To date, our system has handled over 11.3 million webhook requests.
First off
Ask questions at any time!
How many of you
- have some knowledge of webhooks?
- have used webhooks before?
- offer webhooks at your company?
Trying to get a feel for what familiarity people have with the topic.
Overview
- Flexibility and integrations
- How clients use APIs
- Why webhooks are a thing
- Barebones webhooks demo
- Webhooks integration demo
- Other use cases for webhooks
- Recapping and wrapping up
Our fictional client
Government Agency for Bear Attacks
This fictional organization will help make things a little more concrete.
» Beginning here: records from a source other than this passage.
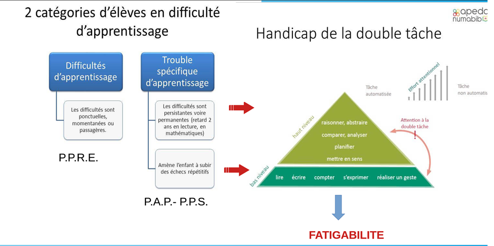 La fatigabilité pour certains élèves constitue une véritable limitation de l’activité et de la participation à la vie scolaire. Cette fatigabilité peut être physique et cognitive. Dans certains cas, il s’agit d’épuisement, de lassitude extrême, de découragement, d'irritabilité… Dans ces situations, la fatigue physique et la fatigue mentale ne sont plus dissociables.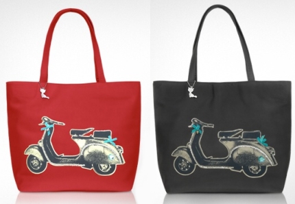 Questa borsa in eco pelle è ideale per ogni stile, è disponibile in due colori: rosso oppure nero e riporta una stampa che raffigura la vespa.
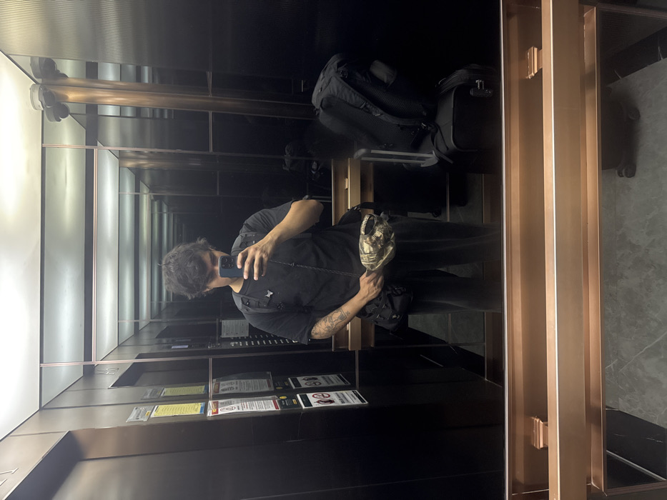 An elevator in Bangkok, Thailand, serves as the setting for a mirror selfie taken by a male individual

People in the office will specify what kind of data they want to collect about
bear attacks. People in the field, like forest rangers, will be the ones
collecting the data about the bear attacks.
So I’m here
to talk about webhooks
But first
we need some background
Let’s start with
what we know
Staying small, focused, and agile
makes your value clear
Have a niche. Solve one problem well.
Don't build an entire ecosystem.
Focus gives you differentiation. You're not cluttered.
Flexibility is your power
They fit you into their workflow
More likely to use your service
When you don't dictate your customer's workflow, they have an easier time
adopting your service into how they do things.
They can slot us in, without rearchitecting the world.
This is good, and the incumbent likely doesn't have this flexibility.
What’s this mean in practice?
Give clients easy access to their data
They can hook you up to other services
Customers don't mind paying as long as they can get their data out.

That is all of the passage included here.